Anyway, John’s wife came out from England and they rented a caravan, but I don’t think they stayed together very long; he wasn’t the type to settle down and remain faithful to one person. And I got a job in an army-base doing odd-jobs; they employed unskilled people like me to use up the year’s budget, so they could claim the same or more next year. There were some pretty weird people working there, apart from the soldiers (and myself, of course); one guy in particular, from England, who we nick-named Bootsie because of the boots he wore, with the soles flapping off them (we were required to wear footwear other than sandals, so we rummaged around in junk-shops for some-thing cheap, and Bootsie had clearly got his there extra-cheap, or maybe found flung away somewhere). He was a really droll kind of guy who never had much to say, and didn’t care what anyone thought of him, but was expert at finding his way out of work; one day, the sergeant in charge of us found him sanding something with the wrong side of the sand-paper! Then there was Old Sid, much older than the rest of us, who was kind of a hobo; we never did learn much about him, as he kept pretty much to himself; but he was inoffensive.

We were allowed to eat in the canteen (or mess) there, at 35¢ for lunch, and the amount and variety of food was staggering, and for us, so good, although some of the soldiers used to com-plain about it. All this while, I was camping on a beach named “Doctor’s Gully” with a German guy I called Jo-Jo, who was easy-going and went along with anything I did. After work, we would shower at a public toilet-and-shower block not far away, and cooked our evening meal on the beach ~ rice, beans and various vegetables. Saturday evenings we would gather with a few other friends in a pub named ‘The Vic,’ and get drunk on beer. After one such gathering, as we made our way somewhat unsteadily back to the beach, we heard the sounds of a party coming from a house set back a little from the road, and the song, “Show a Little Kindness” playing. We danced up the driveway thinking to join the party ~ how incorrigible we were! ~ but there was a bouncer at the door who came out towards us when he saw us coming, so we danced back down the path, “You’ve got to show a little kindness”. I was never violent when I was drunk, just merry and stupid!

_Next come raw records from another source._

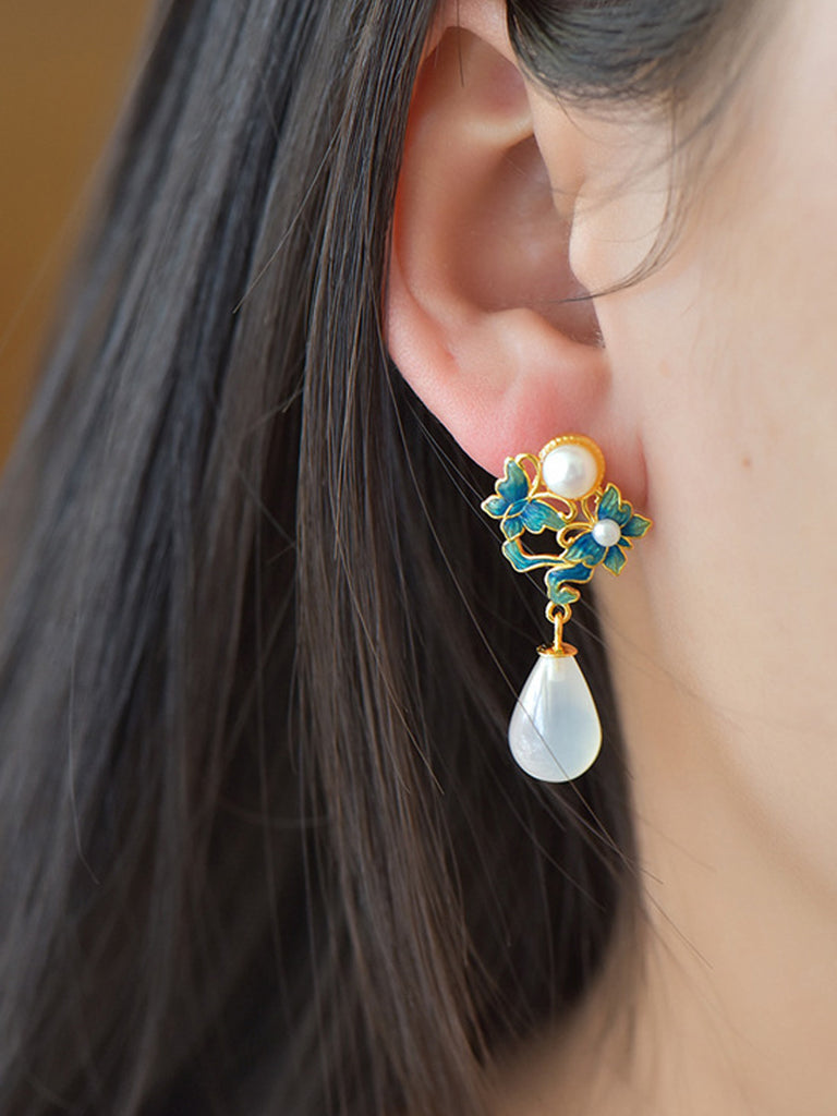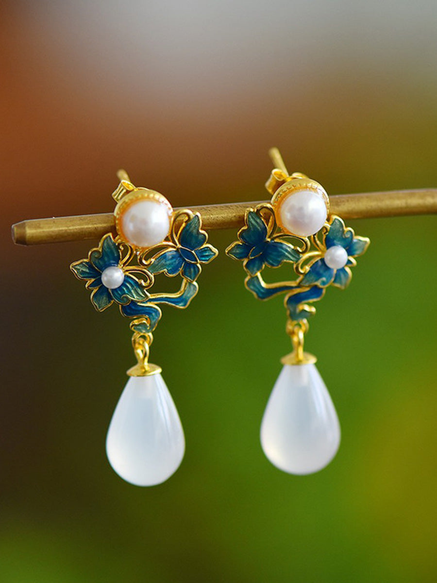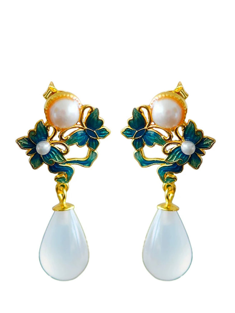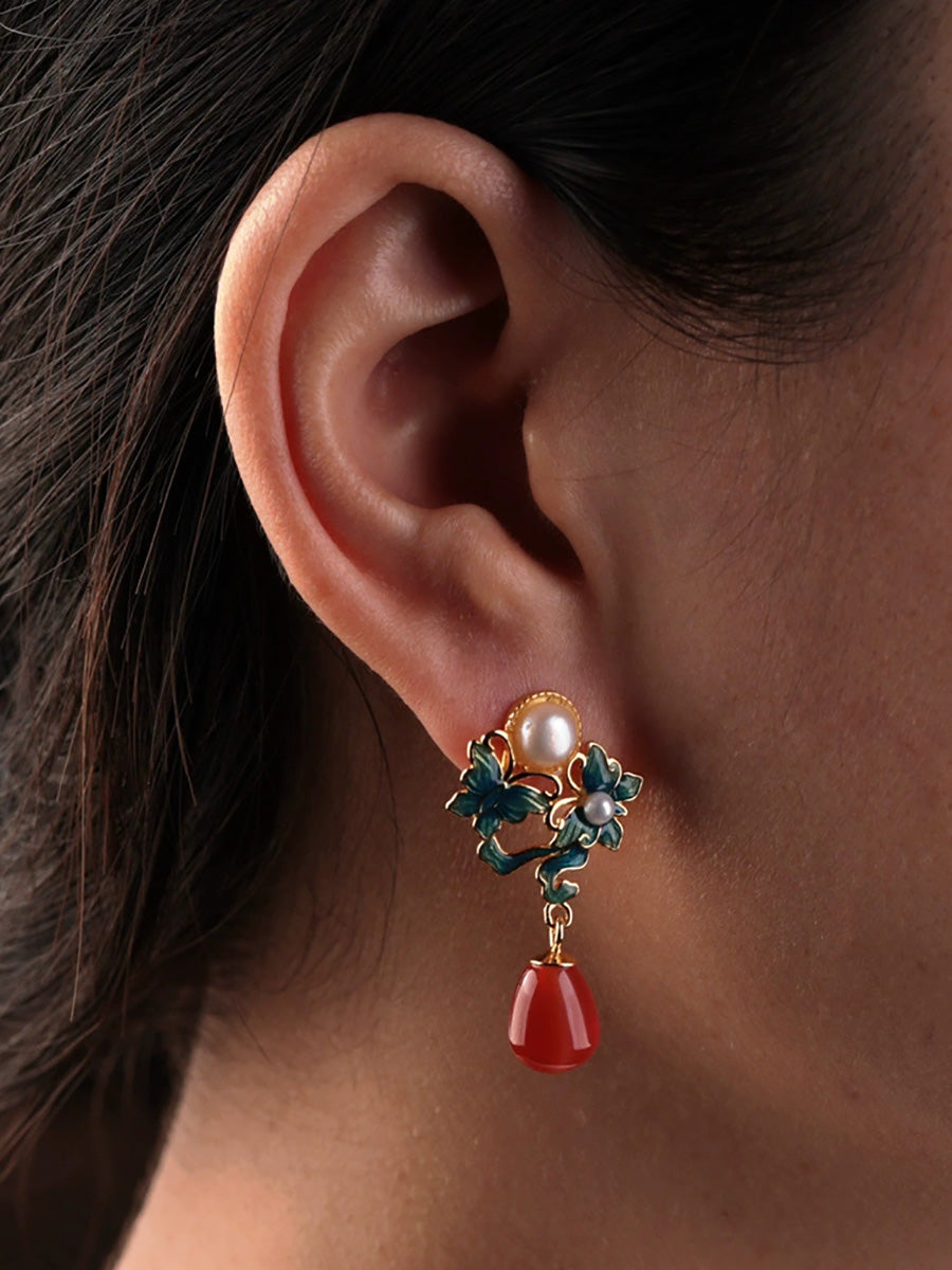 女性用エスニックエナメルバタフライS925シルバーパールアゲートイヤリング
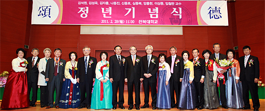 전북대학교(총장 서거석)가 대학 발전과 후진양성을 위해 평생을 교단에서 보내고 올 2월말로 정년을 맞는 교원들에 대한 정년기념식을 지난달 28일 법학전문대학원 본관 가인홀에서 거행했다.
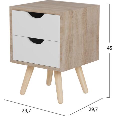 Το κομοδίνο DINKL είναι ένα πρακτικό και όμορφο έπιπλο που θα συνοδεύσει και θα συμπληρώσει με τον καλύτερο τρόπο τον εξοπλισμό του υπνοδωματίου σας. Είναι κατασκευασμένο από ποιοτική μελαμίνη σε ΛΕΥΚΟ και SONAMA χρώμα και διαθέτει 2 συρτάρια με χωνευτά χερούλια. Τα πόδια είναι ψηλά και ξύλινα, και οι διαστάσεις του το καθιστούν ιδανικό ακόμα και για μικρά δωμάτια, ενώ ενδείκνυται τόσο για το σπίτι, όσο και για επαγγελματική χρήση.
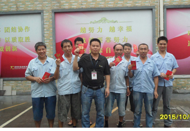 “The good example around, the guiding force to move ahead” was a major feature of the selection highlights. The selected employees were Xiangbukui-the deputy officer-in-charge from Quality Dept.; Chenyangqiu-the carpenter supervisor, Qinxinxiang- the assembly worker, Luoyingquan- the woodworking group leader, Zhangyongsheng and Caoyoujiao- the paint and repair workers—the above five were from Production Dept.; Longzhonghai and Qinjian- the packers from Logistic Dept.; Lijianping- the electrician from Human Resources & Administration Dept..
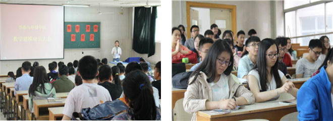 大会伊始,主持人首先介绍了济南大学历年数学建模的比赛情况并普及了数学建模的相关知识,让同学们认识到数学作为一门基础学科对学习能力提高的重要性。随后,大会请到了获得山东省数学建模比赛二等奖的刘华宇和同学们进行交流,她根据以往建模比赛培训的经历,悉心地给予同学们意见,并鼓励大家积极参加,进一步培养对数学建模的兴趣,她指出我校数学建模大赛机制已相对成熟,并大力提倡跨院合作,达到最优配合,希望同学们尽可能在数学建模模拟培训中感受到团队合作的重要性,增强责任感,充分锻炼自身的综合能力。最后,科创服务中心主任对本次大会做出了总结,资源与环境学院数学建模动员大会顺利结束。
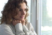 portret myślenia atrakcyjna dziewczyna z kręconymi włosami
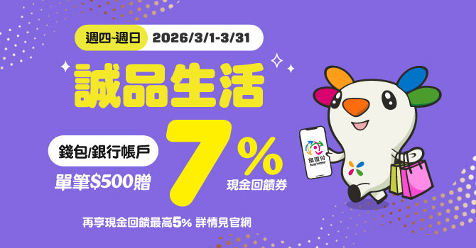 2026/3/1~2026/3/31,週四~週日於誠品生活指定門市,使用悠遊付錢包或綁定銀行帳戶扣款單筆消費滿500元以上,即可獲得7%悠遊付現金回饋券1份,單筆不累贈,每戶回饋上限3份,活動限量1,800份。回饋份數如達上限,則活動提前結束,並於悠遊付APP內公告;本活動可與「月級挑戰-筆筆最高3%回饋」、「週五會員日回饋2%」活動疊加,活動期間週五於誠品生活指定門市使用悠遊付錢包或綁定銀行帳戶消費享最高5%現金回饋。
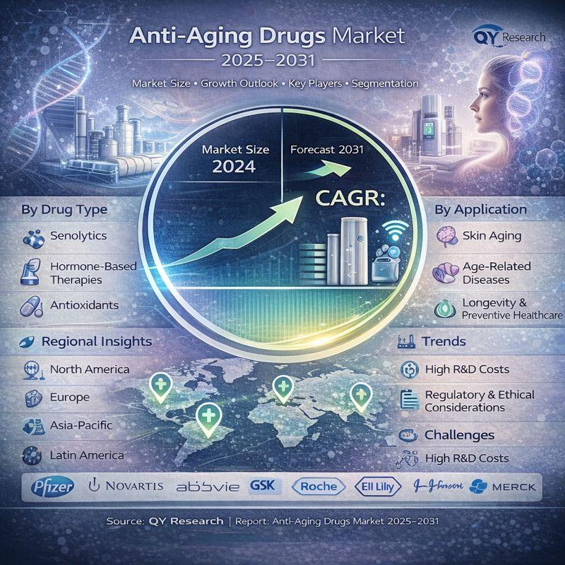 According to QY Research, a new publication titled "Global Anti-aging Drugs Market Share and Ranking, Overall Sales and Demand Forecast 2025-2031" provides an in-depth, data-driven analysis of the global Anti-aging Drugs market to support informed decision-making and sustainable growth strategies. Authored by experienced market analysts and subject-matter experts, the report delivers accurate market data, validated insights, and actionable recommendations for industry participants. It evaluates historical performance alongside future forecasts to clearly explain competitive dynamics, key growth drivers, market challenges, and emerging opportunities. With detailed coverage of market dynamics, segmentation, leading companies, and regional trends, this comprehensive report serves as a reliable strategic resource for businesses looking to gain a competitive edge in the global Anti-aging Drugs market.

Then, we used to have parties on the beach ourselves, with big fires, and were joined by some of our friends like French Chris, Austrian Fred ~ the same Fred I’d traveled with from Amsterdam to Copenhagen in ’69; we were surprised to bump into each other on the street one day ~ and Aussie John, who stayed in cheap hotels rather than with us on the beach, or in a house on McMinn Street known as ‘the Flop-House’, where many travel-ers stayed and shared the rent; we used to get together there, too, at times.

Before going to work, Jo-Jo and I would stow our gear in a large wooden box we’d found on the beach and had buried up to the top in the pebbles against the cliff, and covered the lid with more pebbles to conceal it when our things were inside; we felt secure to leave it like this. It was an isolated beach of mostly stones and little sand, so few people came here. The jungle came down the slopes to it, and we sometimes saw snakes and monitor liz-ards; at night, too, the vegetation would come alive with small hermit-crabs, millions of them, rustling among the leaves.